Machine Learning Project
Support vector classifier is a classifier model for the support vector machine. Support Vector Machine (SVM) is a supervised machine learning algorithm which can be used for both classification or regression challenges. A Support Vector Machine (SVM) is a discriminative classifier formally defined by a separating hyperplane. In other words, given labelled training data (supervised learning), the algorithm outputs an optimal hyperplane which categorizes new examples. In two-dimensional space this hyperplane is a line dividing a plane in two parts where in each class lay in either side. Each Graph is representing you accuracy & confusion matrix of different feature selection. First one is for all 30 features. second one is for selected 7 best features which has high impact on this dataset. Last one is based on features selected based on correlation.
Step 1: Load the data
Step 2: First, it finds decision boundaries that correctly classify the training dataset.

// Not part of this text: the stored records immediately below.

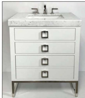
The Furniture Guild

There's something so glamorous and posh about enhancing your décor with the gleam of crystals. Ruvati got it just right with its new Valencia Collection of bath accessories — a hint of glitz to add the perfect amount
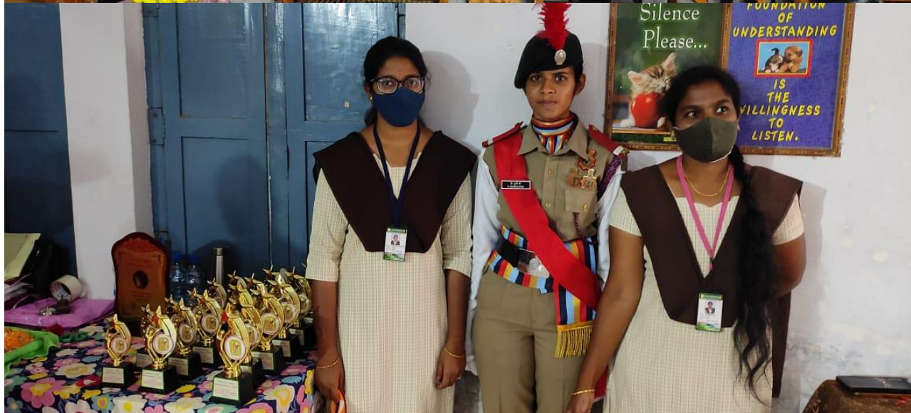
women's Day Celebrations_
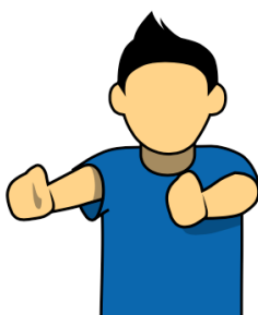
23. Who made the call "Called by Offence/Defence"

Both arms pointing straight up to the left, palms facing down
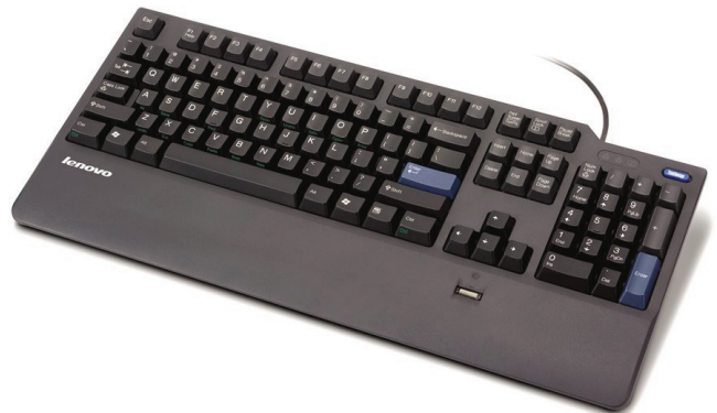
Lenovo USB Fingerprint Keyboard 73P4730
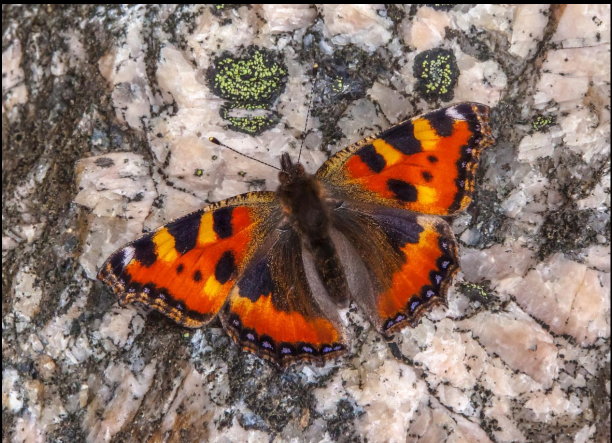
The Small Tortoiseshell " Aglais urticae "
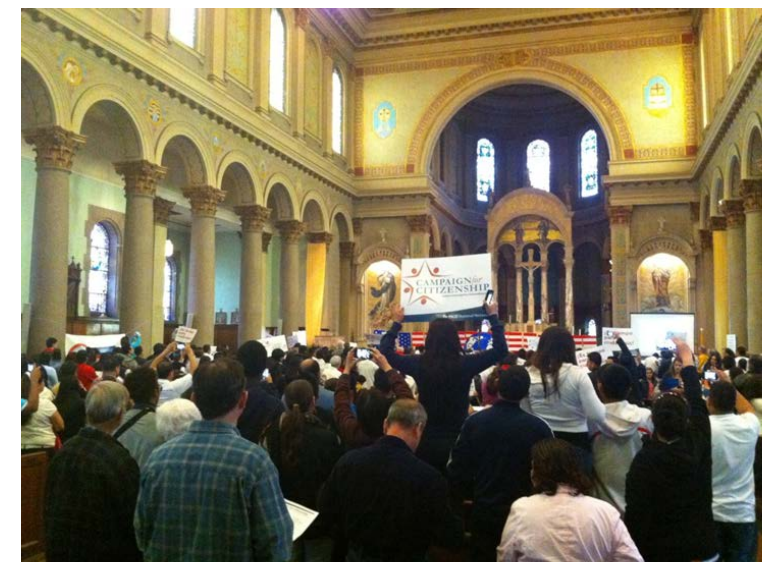
Prayer vigils ranged in size, this one occurred at a local Indianapolis parish and had approximately 800 people in attendance. Congressman André Carson pledged his public support of immigration reform at this event.
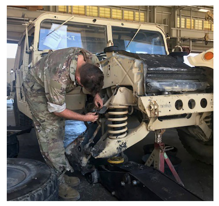
Figure 5. A maintenance Soldier prepares a humvee for turn-in per the PSD instruction.

The Team Harvest officer in charge and supply sergeant played a role in planning the MDRS, from helping the AFSBn-Hood / 13<sup>th</sup> ESC understand the challenges of turning equipment to passing on lessons-learned from unit transactions.
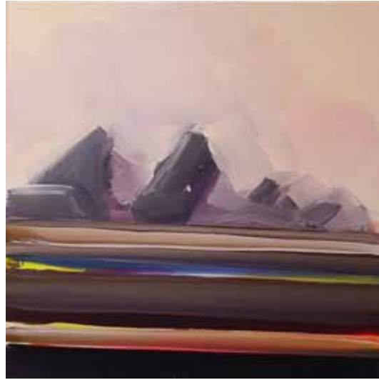
Peaks 50 x 50 cm
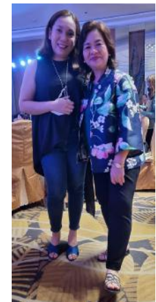
District Training 2022 at Greenleaf Hotel, General Santos City
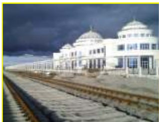
Bereket Railway Station in (Kazandzhik)
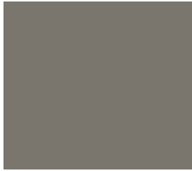
Lexus Zinc Bonded FRML 99248 SRML 910991
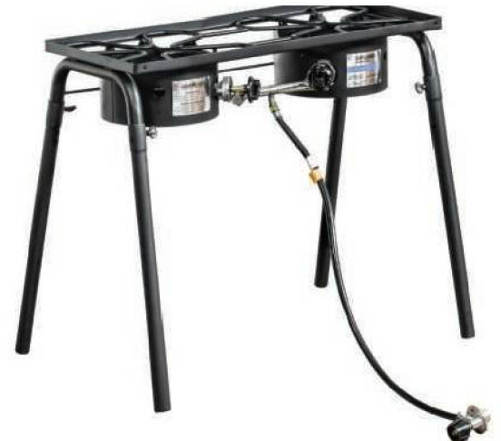
EX-60LW Double Burner Pot Cooker with 2 - 30,000 Btu Burners
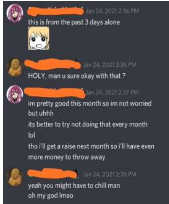
Figure 2. One of us talking with the native speaker directly (Pink is the native speaker and the yellow is one of us)

In Figure 2, one of us talking directly with the Brazilian, while using day to day English, because this test our conversation skill, so grammar doesn't really matter here as long as they can understand.
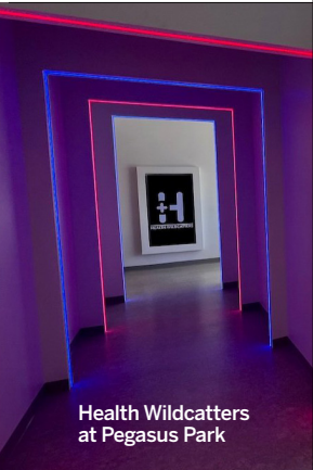
Health Wildcatters at Pegasus Park

Dallas Supporting human, social, and financial capital in early-stage entrepreneurs in the social innovation sector. The program is designed for entrepreneurs who have experienced systemic racial and gender inequities.
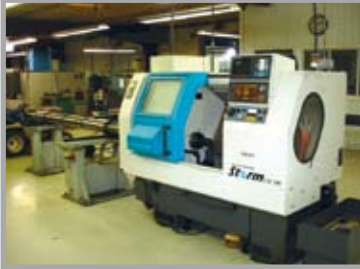
CLAUSING COLCHESTER 'STORM' CNC LATHE
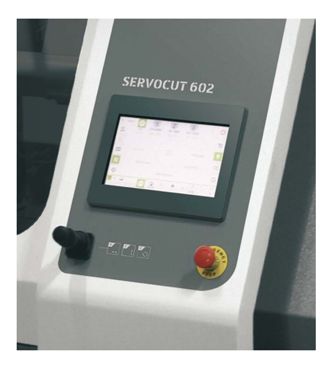
HMI touch screen controls with various cutting methods and database with cutting programs and maintenance monitoring
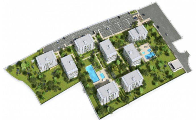
Overview of the residential complex
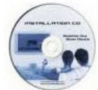
CD-Rom with Manual/Data
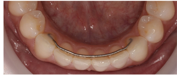
Fig. 3 .027" round TMA wire (ORMCO) bonded to lower canines only at T_3

(chipping within the composite—retainer still attached to the tooth but some composite necessary to recover the wire)
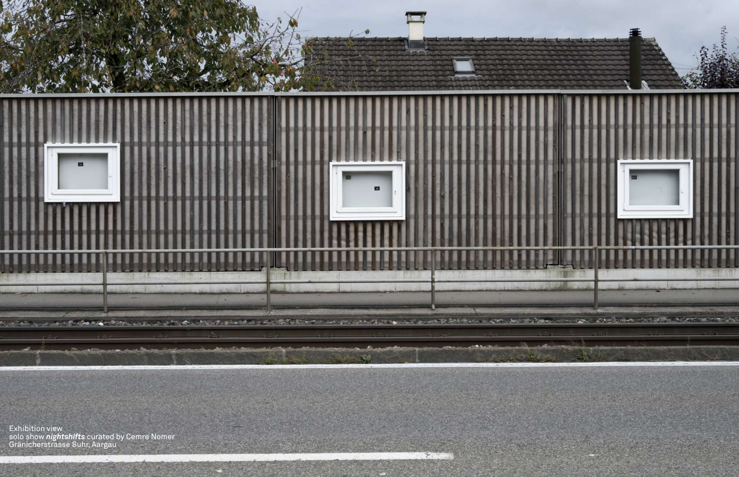
Exhibition view solo show nightshifts curated by Cemre Nomer Gränicherstrasse Suhr, Aargau
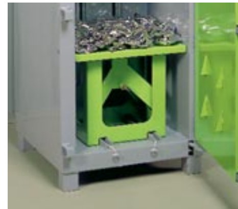
Adaptor to compact cans (Special equipment)
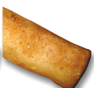
Cheese & Bacon Sausage Roll Bread Crumbs
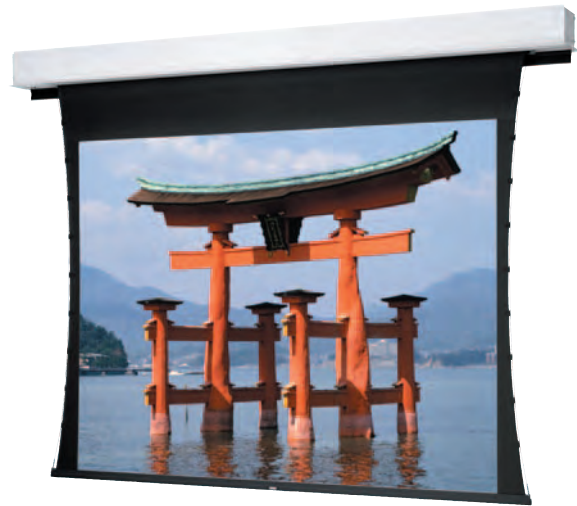
All fabrics will be seamless.
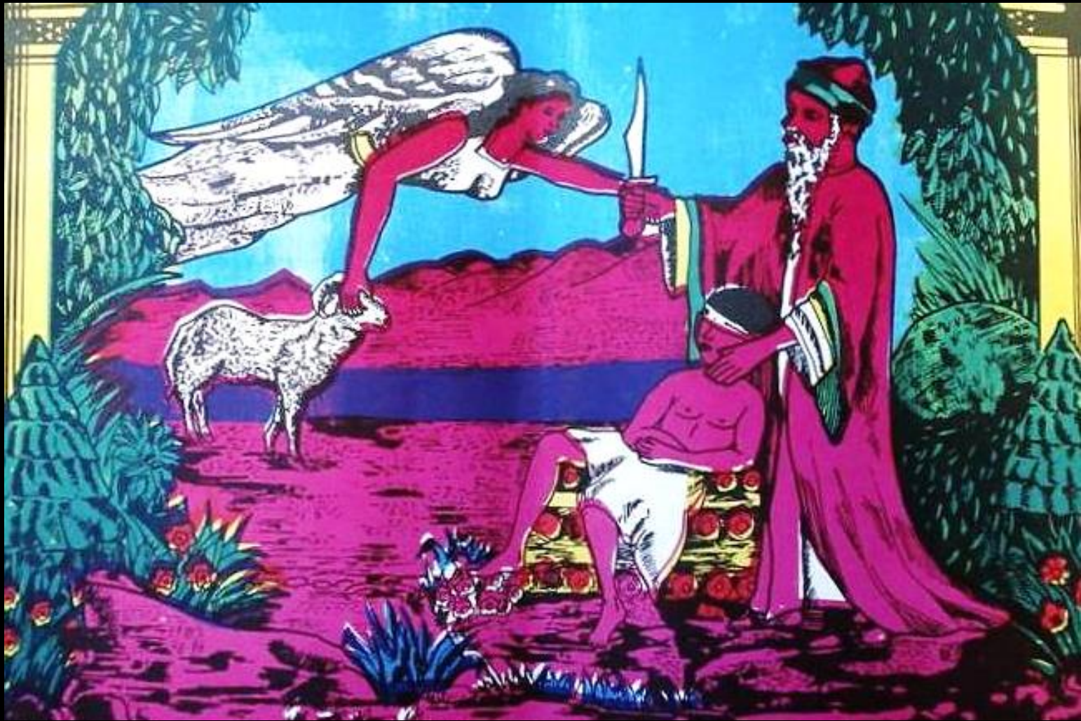
Attempted Sacrifice of Ishmael/Isaac, Chromolithograph, Kano, Nigeria
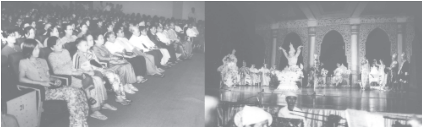
Ramayana Drama Contest of the 12th Myanmar Traditional Cultural Performing Arts Competitions in progress.
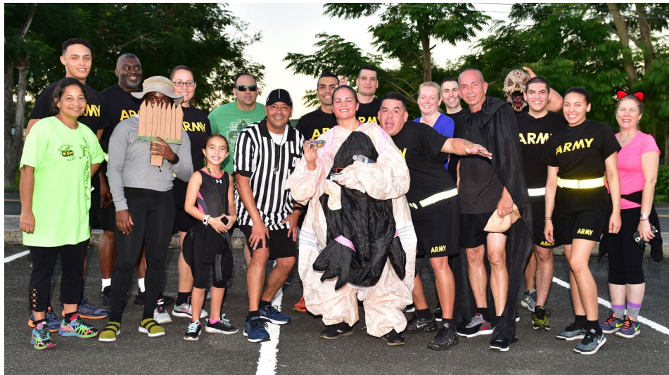
The participants of the 1st Costume / Halloween theme fun run/walk pose for a group shot.

Halloween costumes added a unique twist to regular run/walks. Soldiers from the US Army Garrison Installation Legal Office (ILO) and
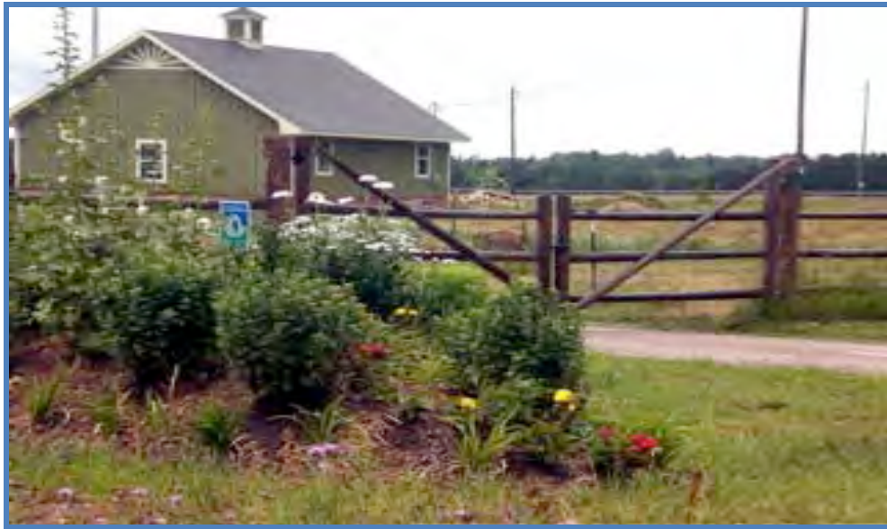
Light of Day Farm • Traverse City, MI
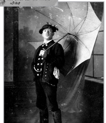
Anton Seidl acting at the rural folk theatre, about 1920
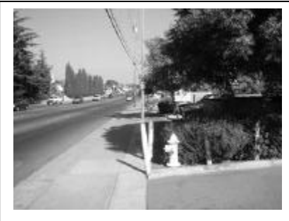
Landscaped street edge near Sylvan Cemetery

Large commercial lots with vast asphalt parking lots dominate the western side of Auburn Boulevard in this sub area. There are only a few street trees of varying species, most of which have been installed recently and have not reached mature size. These do little to define the streetscape. Low shrub planting between Grand Oaks Boulevard and Rollingwood Boulevard help screen some of the parking, but this landscaping is spotty and does not provide a continuous row of screening for the parking lots. A lone subdivision interrupts the pattern of the surrounding large

Step 3: Pick the decision boundary which has maximum distance from the nearest points (supported vectors) of these two classes as the best one.
Step 4: Predict values using the SVM algorithm model
Step 5:Calculate the accuracy and laid out confusion matrix
SVM Model with Full 30 Features
SVM Model with 7 BestFeature Selected Features
SVM Model with 7 Correlation Selected Features
Observations:
1. Model accuracy only declined slightly after reducing feature number from 30 to 7.
2. Although accuracy for both 7 feature models were the same, the model with 7 BestFeature selected features was better at predicting Benign while the model with 7 correlation selected features was better at predicting Malignant.